Für ein selbstbestimmtes Leben ist zudem geeigneter Wohnraum von zentraler Bedeutung. Menschen mit Behinderungen sind auf barrierefreie Wohnungen angewiesen, um ihren Alltag eigenständig gestalten zu können. Wir wollen deshalb den Ausbau barrierefreien und bezahlbaren Wohnraums vorantreiben – sowohl im Neubau als auch im Bestand. Dabei setzen wir auf vielfältige Wohnformen, die den unterschiedlichen Bedürfnissen gerecht werden, und stärken den Grundsatz „ambulant vor stationär“, wo immer dies möglich und gewünscht ist.
Über alle Lebensbereiche hinweg ist für uns entscheidend, dass Inklusion als umfassende gesellschaftliche Aufgabe verstanden wird. Der Landesaktionsplan macht deutlich, dass gleichberechtigte Teilhabe nur gelingt, wenn Barrieren konsequent abgebaut werden – nicht nur im baulichen oder technischen Sinne, sondern auch in den Köpfen. Deshalb wollen wir Mitbestimmung und Empowerment von Menschen mit Behinderungen stärken und ihre Perspektiven systematisch in politische Entscheidungen einbeziehen. Unser Ziel ist ein Baden-Württemberg, in dem Menschen mit Behinderungen selbstverständlich dazugehören, ihre Talente entfalten können und in allen Lebensbereichen gleichberechtigt teilhaben – verlässlich unterstützt, praxisnah umgesetzt und gemeinsam gestaltet. Entscheidend ist nun die konsequente Umsetzung des Landesaktionsplans in der Praxis.
Differenziert betrachten wir demgegenüber das Bundesteilhabegesetz und seine bisherigen Wirkungen. Ausdrücklich stehen wir zu dem Ziel, die Eingliederungshilfe stärker personenzentriert auszurichten und damit die Selbstbestimmung der Betroffenen zu stärken. Ungeachtet dessen müssen wir feststellen, dass wir trotz erheblich gestiegener Ausgaben noch weit von der vollständigen Erreichung dieses Ziels entfernt sind. Bundesweit sind die Nettoausgaben für die Eingliederungshilfe laut Statistischem Bundesamt von 13,7 Milliarden Euro im Jahr 2012 auf 28,7 Milliarden Euro im Jahr 2024 gestiegen. Gleichzeitig berichten Betroffene, Kostenträger und Leistungserbringer vielfach von einem erheblichen bürokratischen Aufwand, ohne dass überall spürbare Verbesserungen für die Betroffenen erreicht werden.

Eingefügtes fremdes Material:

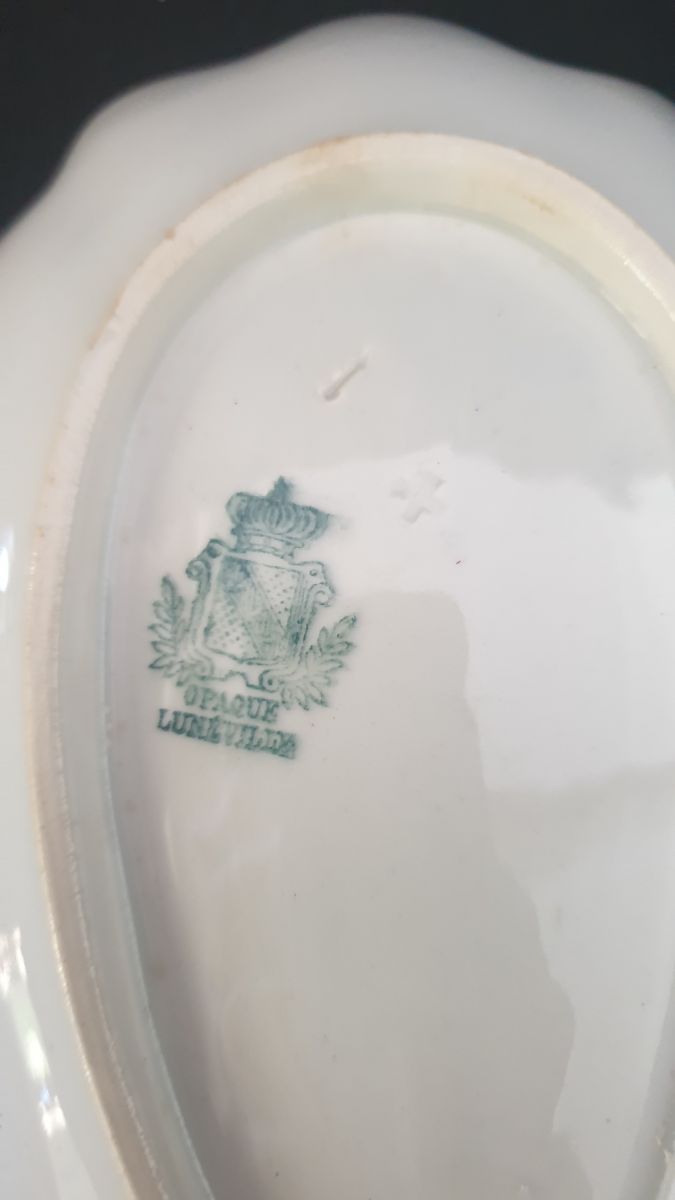 L'ensemble est en bon état quelques taches d'usage sur le plat plat, seul le ravier a un éclat à peine visible.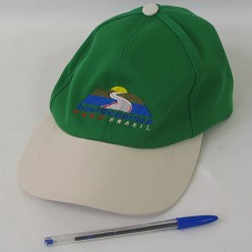 BONÉ EM TECIDO VERDE, COM ABA BEGE. NA FRENTE BORDADO A MARCA DA 'INTEROCEÂNICA PERU BRASIL', ATRÁS A INSCRIÇÃO 'INTEGRACION Y DESARROLLO'.

Vor diesem Hintergrund besteht zwischen den Ländern über Parteigrenzen hinweg Einigkeit, dass auf verschiedenen Ebenen Anpassungen am Bundesteilhabegesetz notwendig sind. Ziel muss eine Umsetzung sein, die tatsächlich personenzentriert, qualitätsvoll und zugleich praxistauglich, unbürokratisch und finanziell tragfähig ist. Dabei geht es ausdrücklich nicht um Leistungskürzungen für Menschen mit Behinderungen. Im Gegenteil: Eine realistische Rahmensetzung und effizientere Verfahren sollen dazu beitragen, Teilhabe verlässlich zu sichern und Unterstützungsangebote langfristig tragfähig zu gestalten.
Unstrittig ist für uns: Menschen mit Behinderungen haben ein uneingeschränktes Recht auf ein Leben in Würde, auf Teilhabe und auf die notwendige Unterstützung durch den Staat. Ziel muss es sein, ihnen eine möglichst eigenständige Lebensführung zu ermöglichen, ihre Erwerbsbeteiligung zu erhöhen, Wege zu selbstbestimmter Erwerbstätigkeit zu eröffnen und zugleich einen Beitrag zur Fachkräftesicherung zu leisten. Inklusion ist für uns eine gemeinsame Aufgabe, von der unsere gesamte Gesellschaft profitiert.